**ASSIGNMENT**
Below this line are records; transcribe exactly the lines between the one holding "中国地质大学(武汉)资源学院" and the one holding "Camarones salteados con", inclusive, and omit the pictures.

**EXTRACTED MATERIAL**
▶
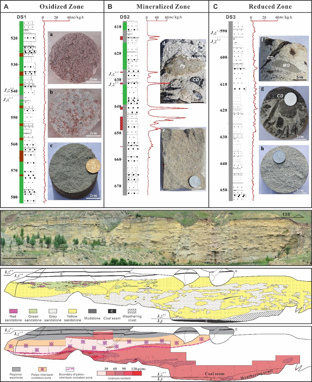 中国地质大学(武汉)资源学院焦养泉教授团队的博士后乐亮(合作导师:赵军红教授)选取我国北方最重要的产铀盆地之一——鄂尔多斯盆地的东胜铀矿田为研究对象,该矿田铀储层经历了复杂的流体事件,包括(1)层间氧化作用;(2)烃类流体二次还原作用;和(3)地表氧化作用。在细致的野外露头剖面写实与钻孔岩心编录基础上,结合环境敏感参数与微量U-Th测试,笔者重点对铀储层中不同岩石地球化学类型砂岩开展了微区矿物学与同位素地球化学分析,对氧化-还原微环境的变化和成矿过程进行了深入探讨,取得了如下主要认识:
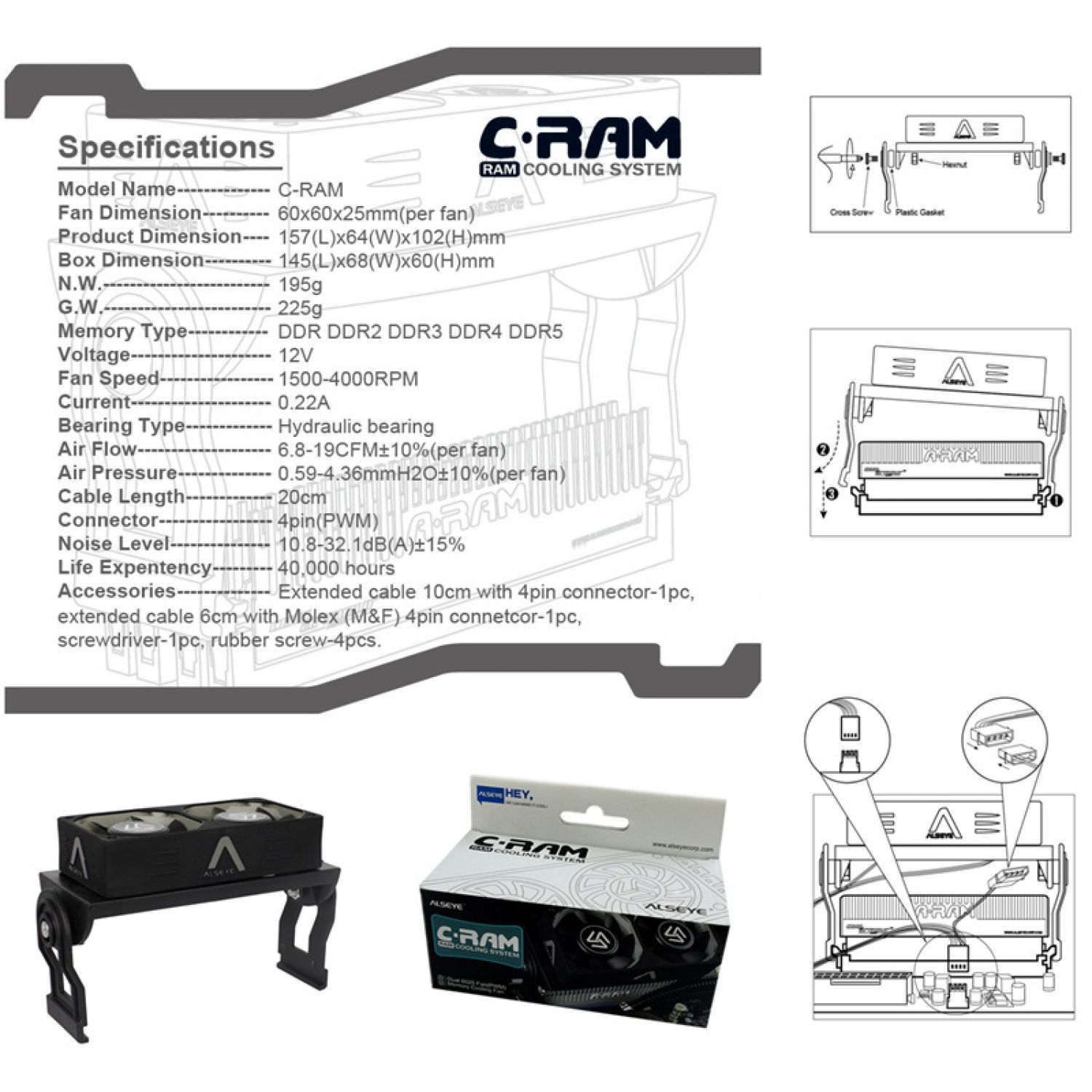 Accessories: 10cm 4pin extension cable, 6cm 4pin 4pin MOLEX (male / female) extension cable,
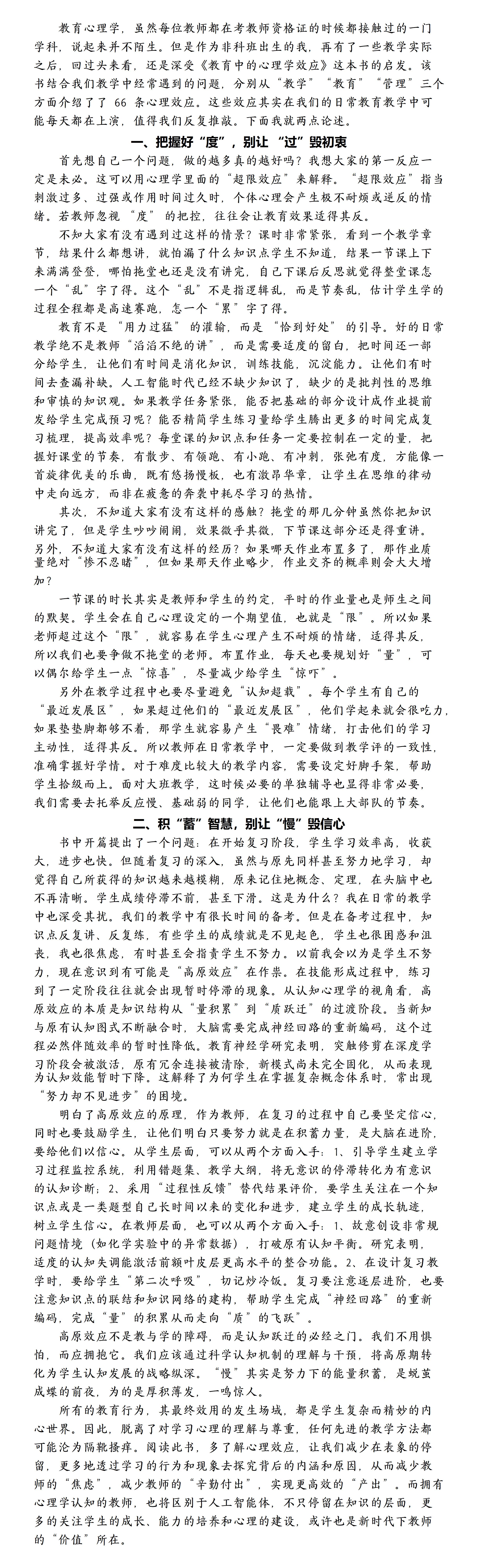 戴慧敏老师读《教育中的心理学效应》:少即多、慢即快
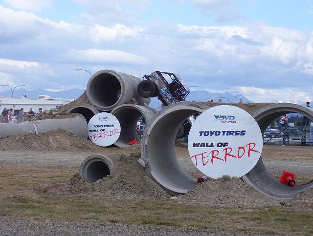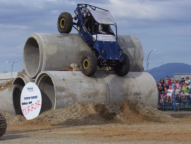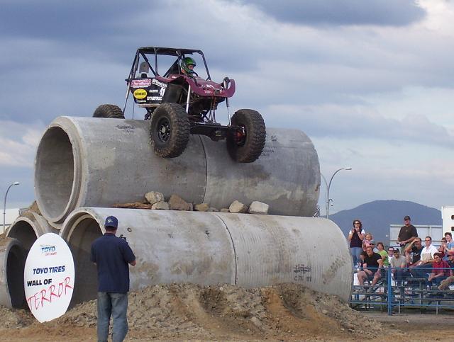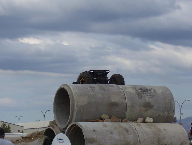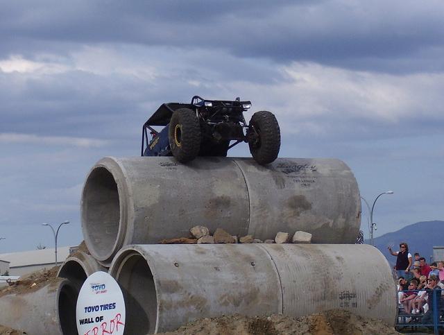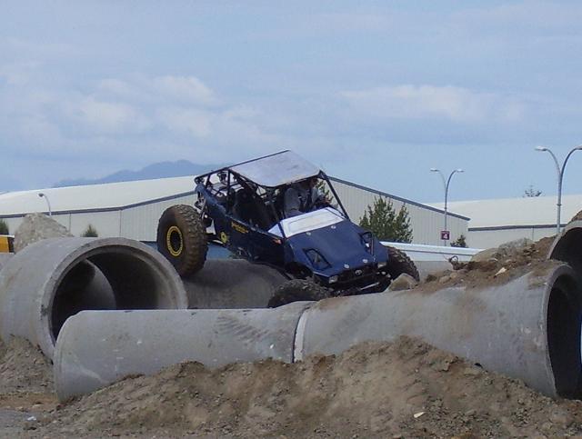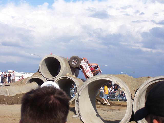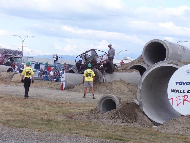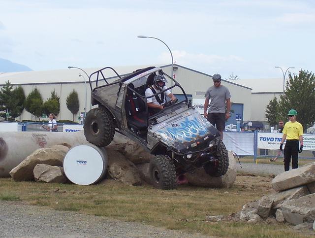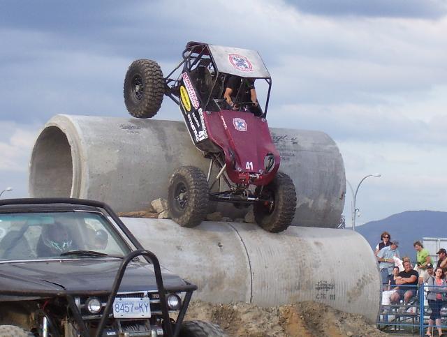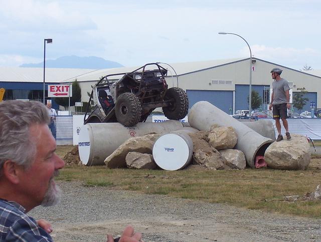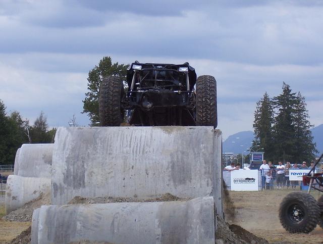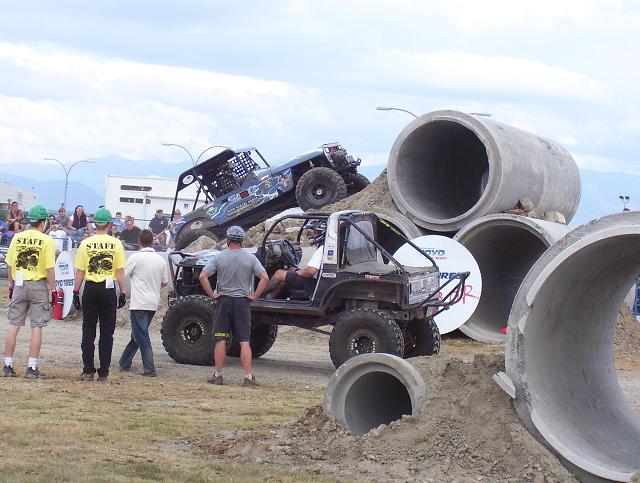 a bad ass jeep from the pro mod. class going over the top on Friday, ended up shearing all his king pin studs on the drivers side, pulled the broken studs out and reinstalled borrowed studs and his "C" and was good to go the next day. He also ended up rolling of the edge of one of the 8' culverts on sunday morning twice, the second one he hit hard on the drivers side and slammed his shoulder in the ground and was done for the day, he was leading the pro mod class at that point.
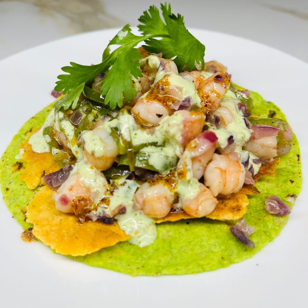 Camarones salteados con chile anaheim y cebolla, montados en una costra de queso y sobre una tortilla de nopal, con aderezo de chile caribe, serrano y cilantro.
◀
▶
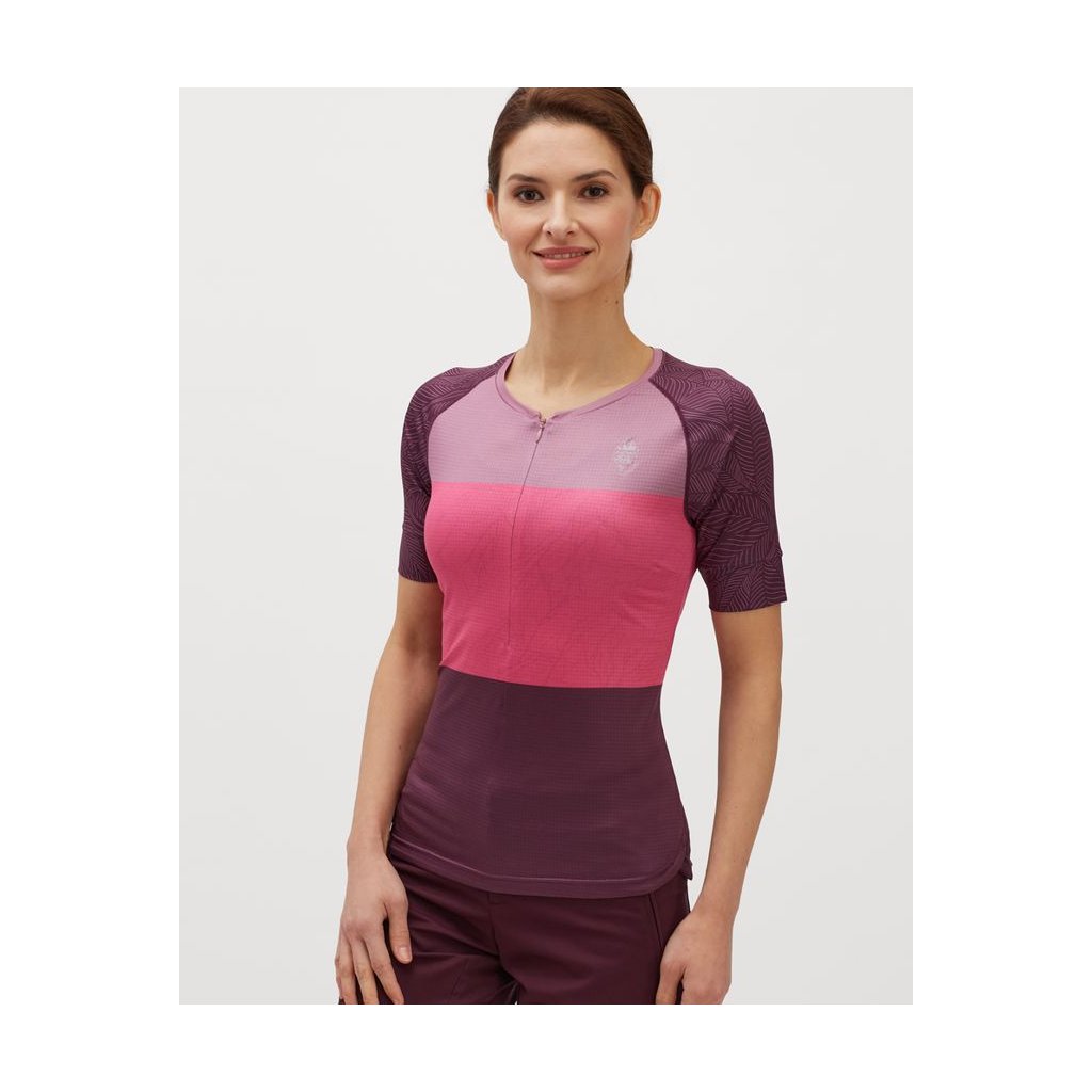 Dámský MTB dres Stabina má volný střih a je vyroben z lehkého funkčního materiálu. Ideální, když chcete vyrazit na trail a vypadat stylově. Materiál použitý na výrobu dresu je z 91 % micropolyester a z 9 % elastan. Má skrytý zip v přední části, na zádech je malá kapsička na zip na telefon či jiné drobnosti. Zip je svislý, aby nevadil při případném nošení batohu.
◀
**RESULT OF THIS EXERCISE**
 中国地质大学(武汉)资源学院焦养泉教授团队的博士后乐亮(合作导师:赵军红教授)选取我国北方最重要的产铀盆地之一——鄂尔多斯盆地的东胜铀矿田为研究对象,该矿田铀储层经历了复杂的流体事件,包括(1)层间氧化作用;(2)烃类流体二次还原作用;和(3)地表氧化作用。在细致的野外露头剖面写实与钻孔岩心编录基础上,结合环境敏感参数与微量U-Th测试,笔者重点对铀储层中不同岩石地球化学类型砂岩开展了微区矿物学与同位素地球化学分析,对氧化-还原微环境的变化和成矿过程进行了深入探讨,取得了如下主要认识:
 Accessories: 10cm 4pin extension cable, 6cm 4pin 4pin MOLEX (male / female) extension cable,
 戴慧敏老师读《教育中的心理学效应》:少即多、慢即快
 a bad ass jeep from the pro mod. class going over the top on Friday, ended up shearing all his king pin studs on the drivers side, pulled the broken studs out and reinstalled borrowed studs and his "C" and was good to go the next day. He also ended up rolling of the edge of one of the 8' culverts on sunday morning twice, the second one he hit hard on the drivers side and slammed his shoulder in the ground and was done for the day, he was leading the pro mod class at that point.
 Camarones salteados con chile anaheim y cebolla, montados en una costra de queso y sobre una tortilla de nopal, con aderezo de chile caribe, serrano y cilantro.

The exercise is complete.